Geospatial data is commonly modelled - if at all - only as a flat
graph. Therefore, from a practical point of view, it is important
to address the automatic construction of a graph hierarchy based on
the predominant data models. The work presented deals with this
problem: an automated method for construction is introduced and
explained. A particular contribution of my thesis is the
proposition to use hierarchical graphs as the basis for an
extensible, flexible architecture for modelling various (geo)spatial
networks. The proposed approach complements classical graph models
very well in the sense that their expressiveness is extended:
various graphs originating from different sources can be integrated
into a comprehensive, multi-level model. This more sophisticated
kind of architecture allows for extending navigation services
beyond the borders of one single spatial network to a collection of
heterogeneous networks, thus establishing a meta-navigation
service. Another point of discussion is the impact of the hierarchy
and distribution on graph algorithms. They have to be adapted to
properly operate on multi-level hierarchies. By investigating
indoor navigation problems in particular, the guiding principles
are demonstrated for modelling networks at multiple levels of
detail. Complex environments like large public buildings are
ideally suited to demonstrate the versatile use of hierarchical
graphs and thus to highlight the benefits of the hierarchical
approach. Starting from a collection of floor plans, I have
developed a systematic method for constructing a multi-level graph
hierarchy. The nature of indoor environments, especially their
inherent diversity, poses an additional challenge: among others,
one must deal with complex, irregular, and/or three-dimensional
features. The proposed method is also motivated by practical
considerations, such as not only finding shortest/fastest paths
across rooms and floors, but also by providing descriptions for
these paths which are easily understood by people. Beyond this, two
novel aspects of using a hierarchy are discussed: one as an
informed heuristic exploiting the specific characteristics of indoor
environments in order to enhance classical, general-purpose graph
search techniques. At the same time, as a convenient by- product of
this method, clusters such as sections and wings can be detected.
The other reason is to better deal with irregular, complex-shaped
regions in a way that instructions can also be provided for these
spaces. Previous approaches have not considered this problem. In
summary, the main results of this work are: • hierarchical graphs
are introduced as a general spatial data infrastructure. In
particular, this architecture allows us to integrate different
spatial networks originating from different sources. A small but
useful set of operations is proposed for integrating these
networks. In order to work in a hierarchical model, classical graph
algorithms are generalised. This finding also has implications on
the possible integration of separate navigation services and
systems; • a novel set of core data structures and algorithms have
been devised for modelling indoor environments. They cater to the
unique characteristics of these environments and can be specifically
used to provide enhanced navigation in buildings. Tested on models
of several real buildings from our university, some preliminary but
promising results were gained from a prototypical implementation
and its application on the models.
different angles – as a general modelling principle for
(geo)spatial networks and as a practical means to enhance
navigation in buildings. The topics addressed are of interest from
a multi-disciplinary point of view, ranging from Computer Science
in general over Artificial Intelligence and Computational Geometry
in particular to other fields such as Geographic Information
Science. Some hierarchical graph models have been previously
proposed by the research community, e.g. to cope with the massive
size of road networks, or as a conceptual model for human
wayfinding. However, there has not yet been a comprehensive,
systematic approach for modelling spatial networks with
hierarchical graphs. One particular problem is the gap between
conceptual models and models which can be readily used in practice.

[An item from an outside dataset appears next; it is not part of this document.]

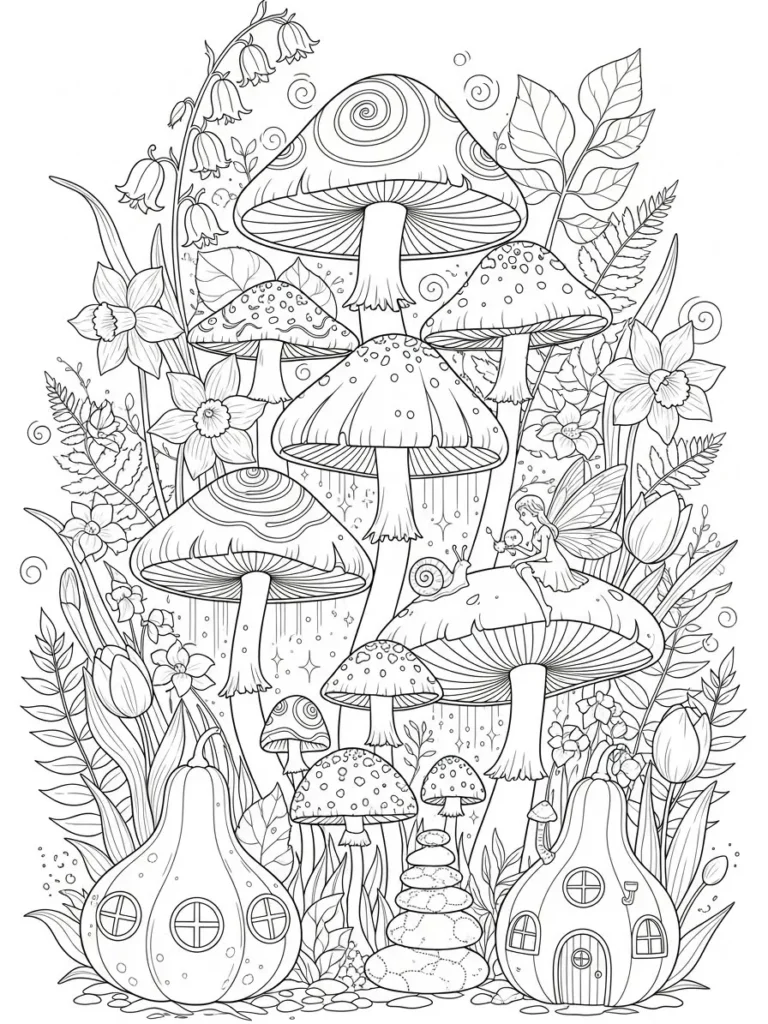This coloring page shows a magical spring scene filled with tall mushrooms, tiny fairy houses, blooming flowers, and curling leaves layered into a vertical woodland garden. The mushrooms feature playful patterns like dots and spirals, while the surrounding florals and ferns add soft movement around the scene. Fine clean lines give plenty of detail without feeling heavy, and the layout feels full yet balanced with little surprises tucked into every corner.

Geospatial data is commonly modelled - if at all - only as a flat
graph. Therefore, from a practical point of view, it is important
to address the automatic construction of a graph hierarchy based on
the predominant data models. The work presented deals with this
problem: an automated method for construction is introduced and
explained. A particular contribution of my thesis is the
proposition to use hierarchical graphs as the basis for an
extensible, flexible architecture for modelling various (geo)spatial
networks. The proposed approach complements classical graph models
very well in the sense that their expressiveness is extended:
various graphs originating from different sources can be integrated
into a comprehensive, multi-level model. This more sophisticated
kind of architecture allows for extending navigation services
beyond the borders of one single spatial network to a collection of
heterogeneous networks, thus establishing a meta-navigation
service. Another point of discussion is the impact of the hierarchy
and distribution on graph algorithms. They have to be adapted to
properly operate on multi-level hierarchies. By investigating
indoor navigation problems in particular, the guiding principles
are demonstrated for modelling networks at multiple levels of
detail. Complex environments like large public buildings are
ideally suited to demonstrate the versatile use of hierarchical
graphs and thus to highlight the benefits of the hierarchical
approach. Starting from a collection of floor plans, I have
developed a systematic method for constructing a multi-level graph
hierarchy. The nature of indoor environments, especially their
inherent diversity, poses an additional challenge: among others,
one must deal with complex, irregular, and/or three-dimensional
features. The proposed method is also motivated by practical
considerations, such as not only finding shortest/fastest paths
across rooms and floors, but also by providing descriptions for
these paths which are easily understood by people. Beyond this, two
novel aspects of using a hierarchy are discussed: one as an
informed heuristic exploiting the specific characteristics of indoor
environments in order to enhance classical, general-purpose graph
search techniques. At the same time, as a convenient by- product of
this method, clusters such as sections and wings can be detected.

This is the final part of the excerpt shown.